Here are the two tested queries:
Query 1:
SELECT
t.passenger_name,
t.ticket_no,
bp.seat_no
FROM
Flights f
JOIN
Ticket_flights tf ON f.flight_id = tf.flight_id
JOIN
Tickets t ON tf.ticket_no = t.ticket_no
JOIN
Boarding_passes bp ON t.ticket_no = bp.ticket_no AND tf.flight_id = bp.flight_id
WHERE
f.arrival_airport = 'OVB';
Query 2:
SELECT
t.passenger_name,
t.ticket_no,
bp.seat_no
FROM
Flights f
JOIN
Ticket_flights tf ON (f.flight_id = tf.flight_id AND f.arrival_airport = 'OVB')
JOIN
Tickets t ON tf.ticket_no = t.ticket_no
JOIN
Boarding_passes bp ON t.ticket_no = bp.ticket_no AND tf.flight_id = bp.flight_id
Then I ran EXPLAIN for both of them and the query plan is THE same. So there's not a big difference at least in Postgres.
The join version is also certainly less readable for anyone who doesn't normally work with databases and is just dipping into the database handling code for some reason.
I think it's better at specifying intent, similarly to how you would use "for" and "while" in a programming language even though they are literally the same thing and more often than not they compile to, respectively, identical query plans and identical asm/bytecode.
Also if you work a lot with databases you often need to do outer joins, a full cartesian product is almost never what you want. The join syntax is more practical if you need to change what type of join you are performing, especially in big queries.
It's all about clearly stating your intent.
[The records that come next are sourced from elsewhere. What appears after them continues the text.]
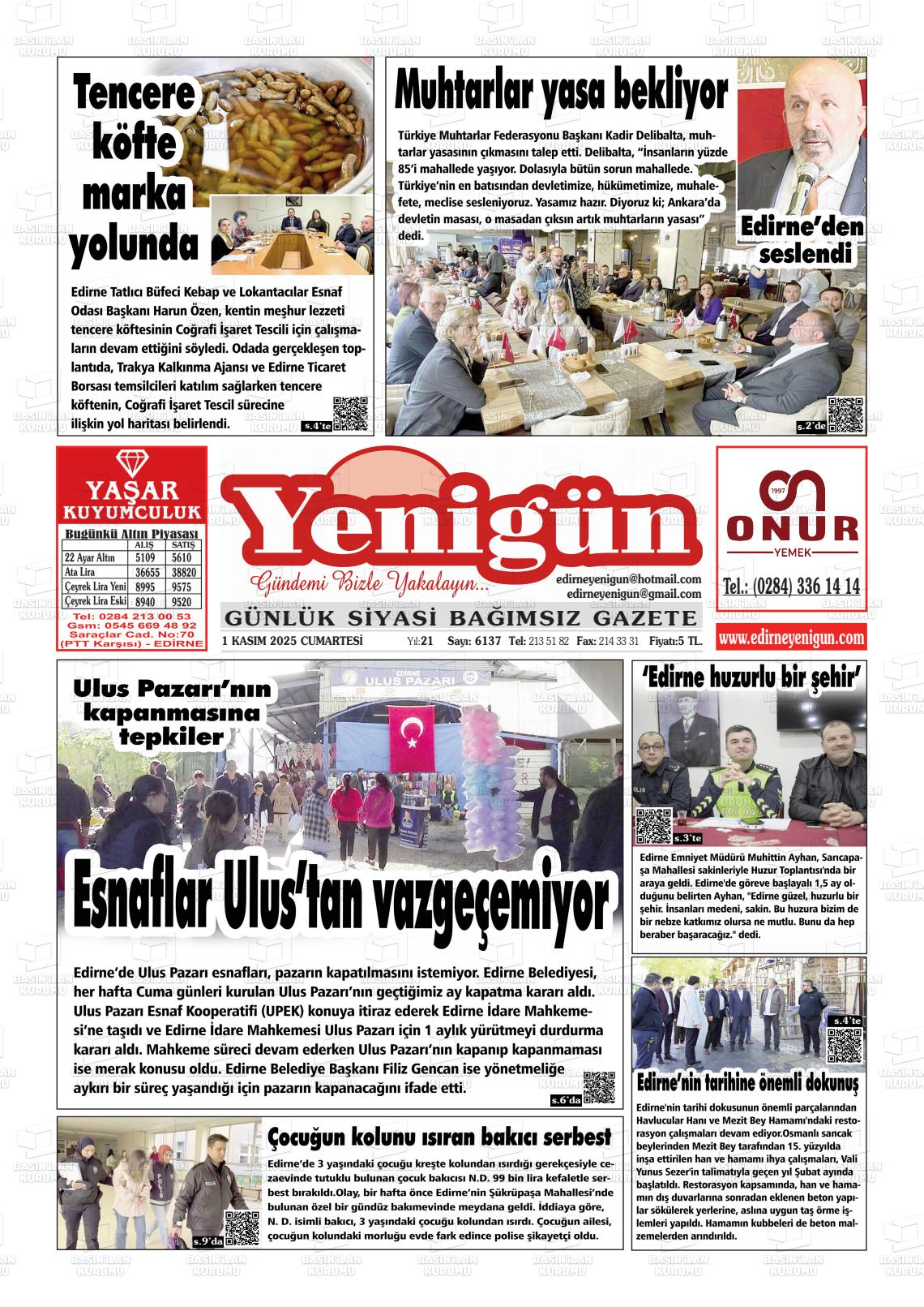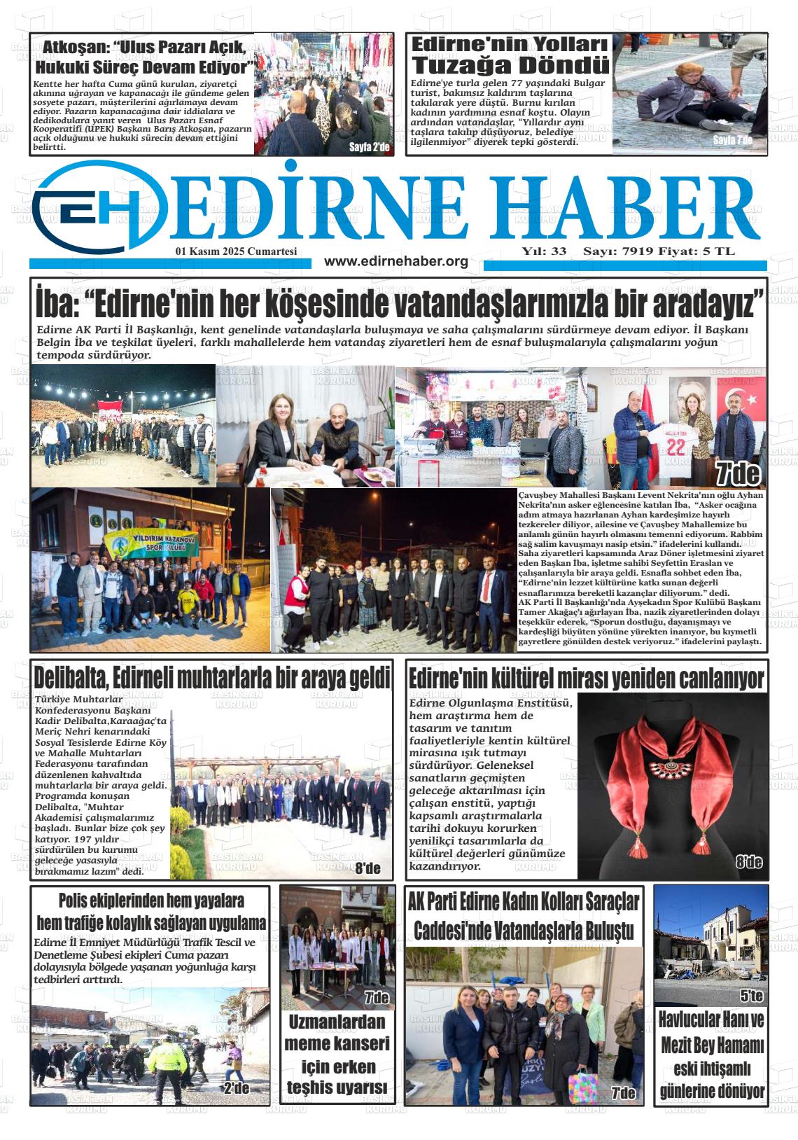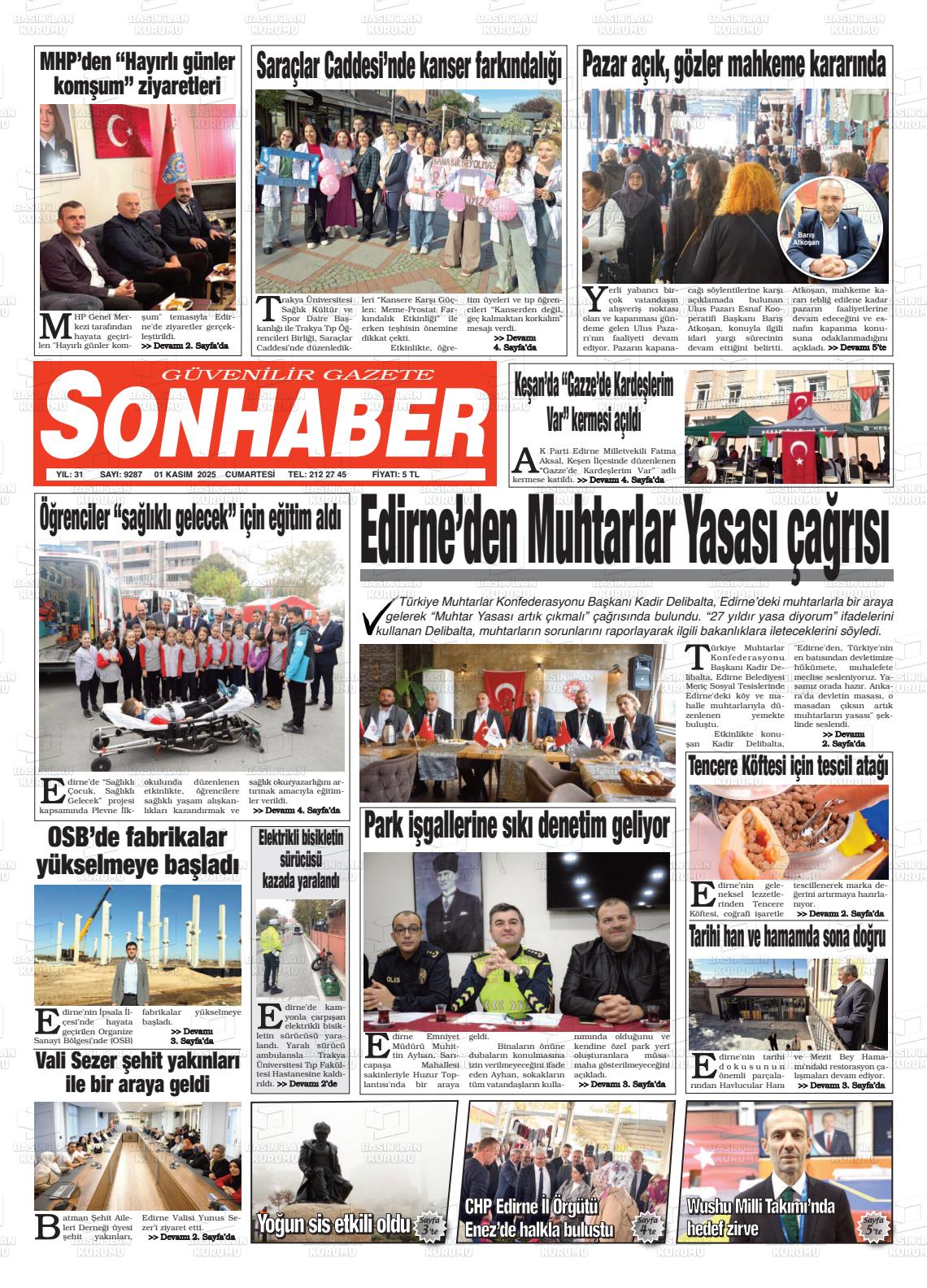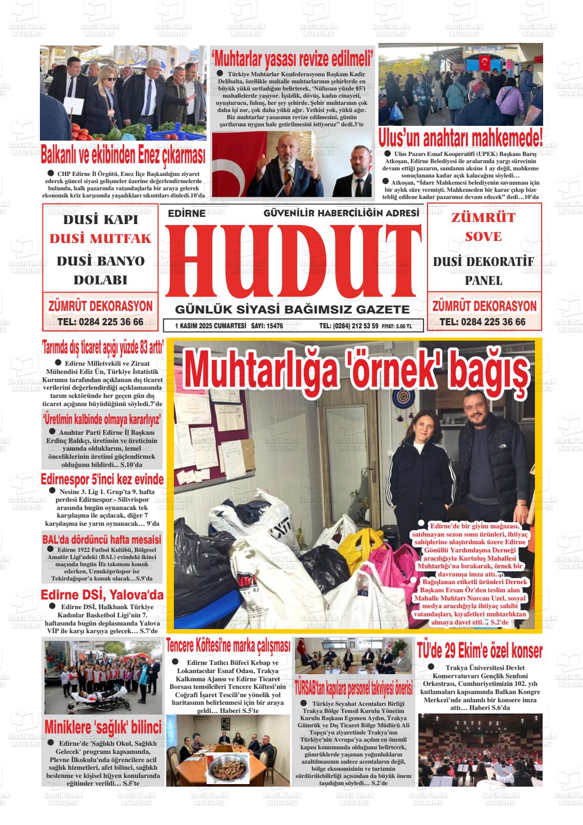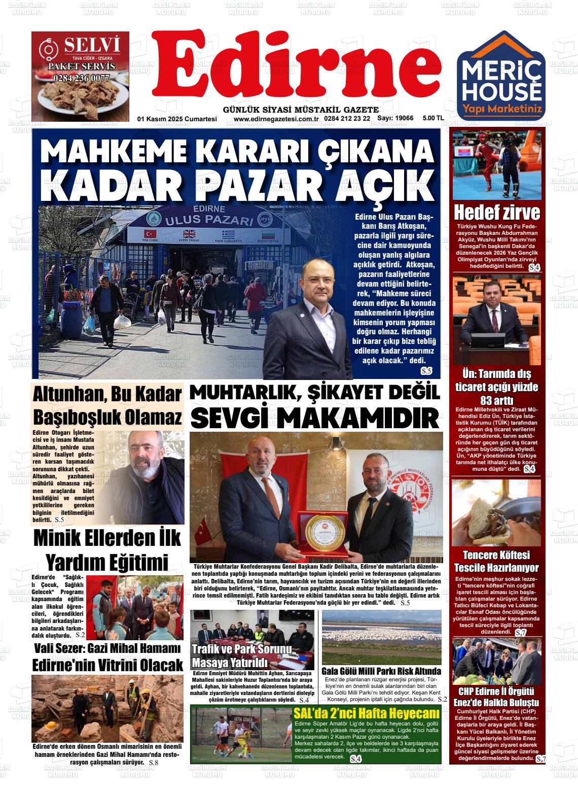 Edİrne Yerel Gazeteleri 01 Kasım 2025, Cumartesi Günü Manşeti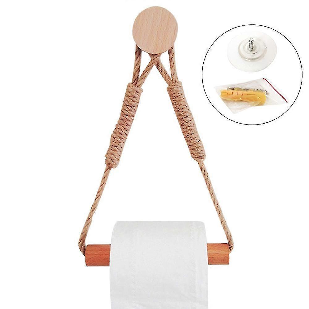 The toilet paper holder ismade ofrope and beech, which is b.Rope Length: 75cm/29.5inch. Multi-function holder, easy to use. You can hang a towel or paper towel.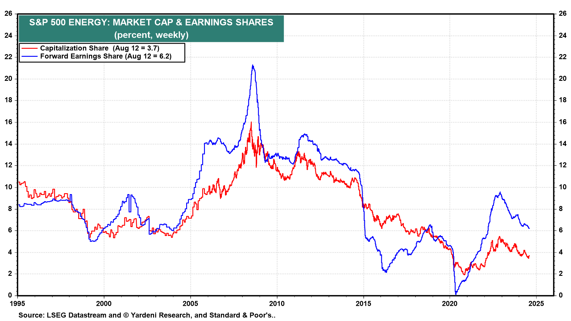 (5) Our Energy sector overweight hasn’t played out as well as our overweights in S&P 500 Tech (Information Technology & Communication Services), Industrials, and Financials. Fortunately, at just 3.7% of the S&P 500 market capitalization, Energy is an easy sector to overweight in a portfolio these days (chart).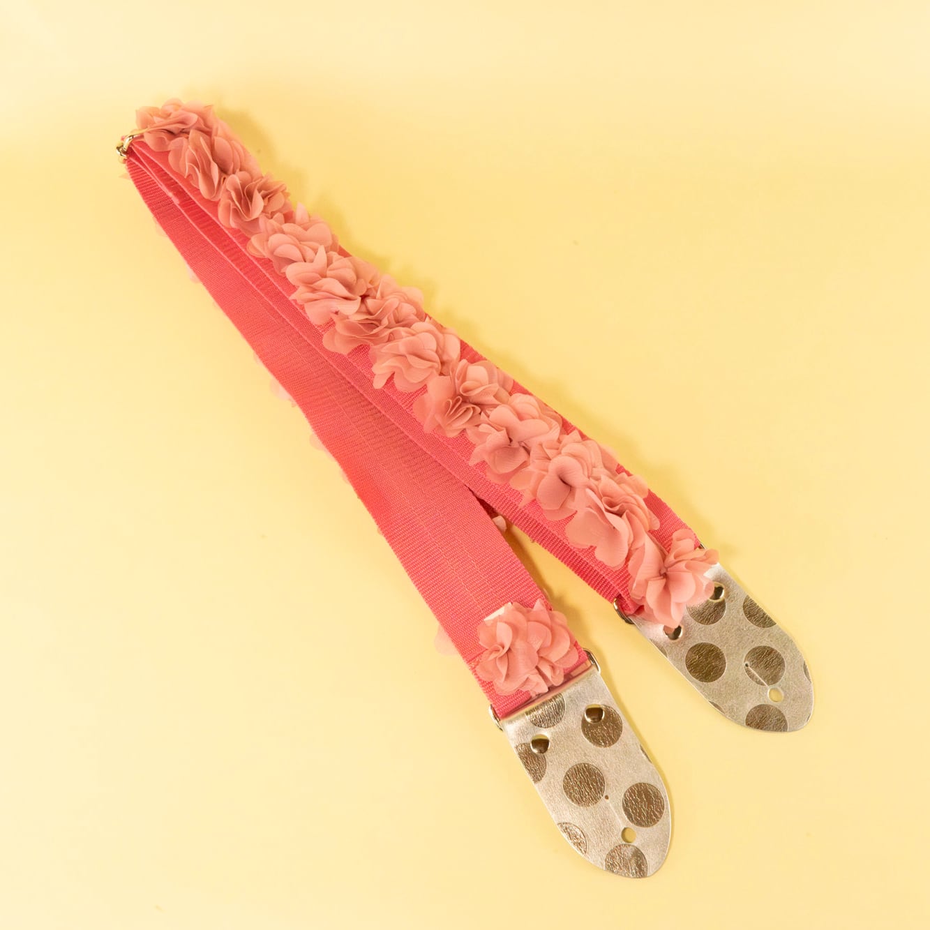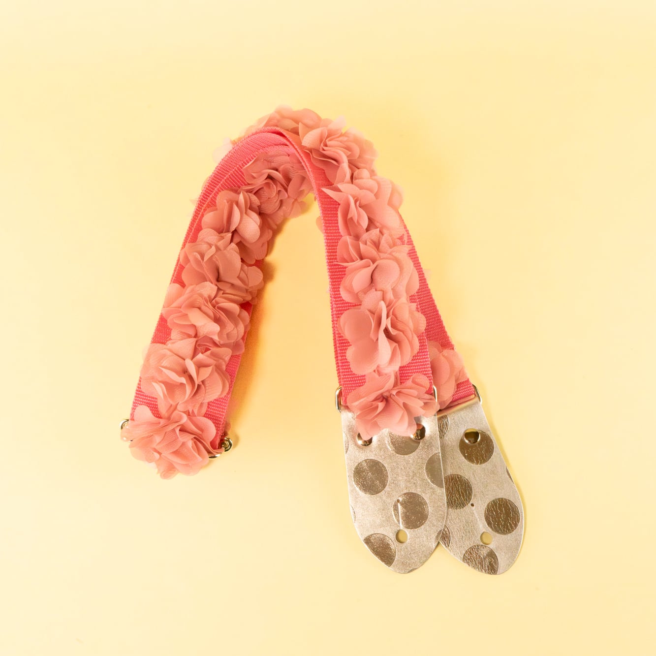 Petals dancing in the breeze, bringing with them the air of a serene, sunny season. We’ve captured that springtime essence in our new "Chiffon Flower Guitar Strap."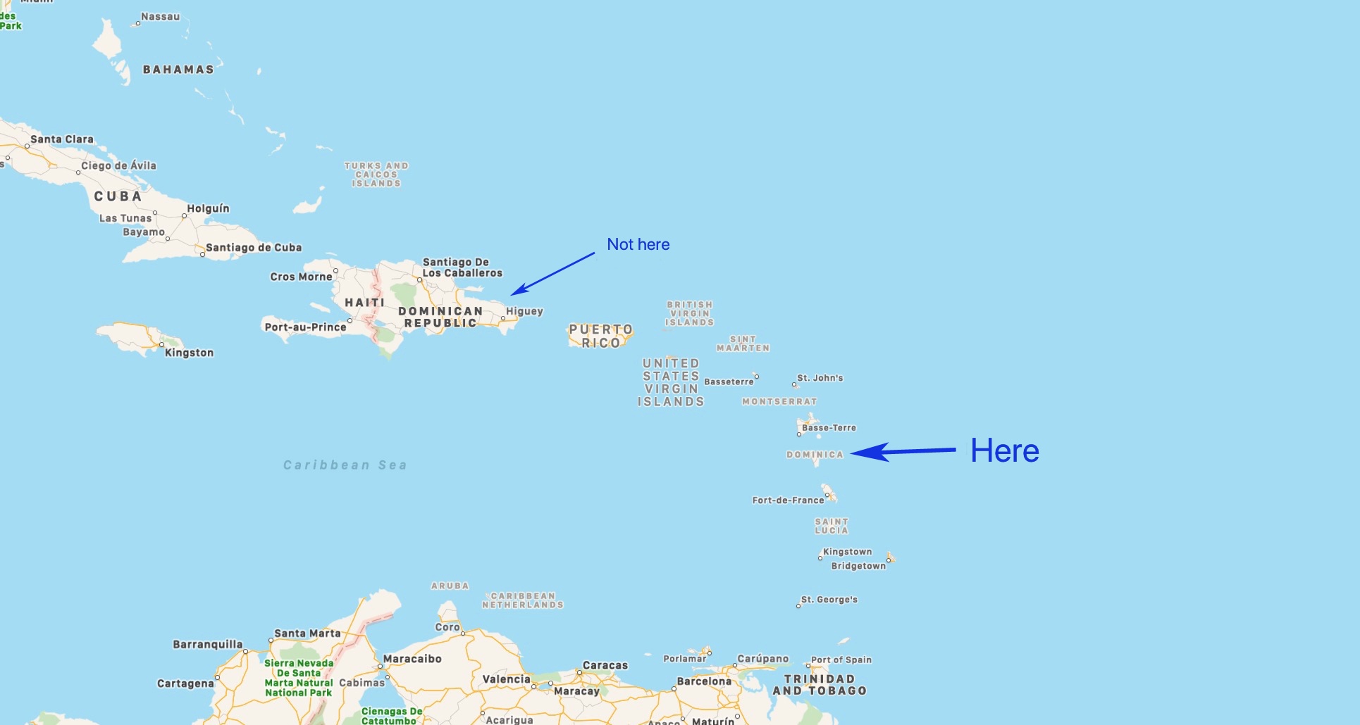 It is not the Dominican Republic, an equally lovely island, but not where we are vacationing.

With INNER JOIN you're literally saying "I want to join these two tables together on this particular relation and work on the result", while with the more basic WHERE form you're saying "just lump these two tables together and then we'll filter out the rows that we actually want to see". The join becomes more of a happy side-effect with that, rather than the thing you clearly want to do.
Not only does writing your code in such a way that it states your intent make it easier to read for other humans, it also makes it easier for compilers/query planners to understand what you're trying to do and turn it into a more efficient process at run-time. Now query planners are usually pretty good at distilling joins from WHERE clauses, but that form does also make it easier for mistakes to creep in that can murder your query performance in subtle and hard-to-debug ways.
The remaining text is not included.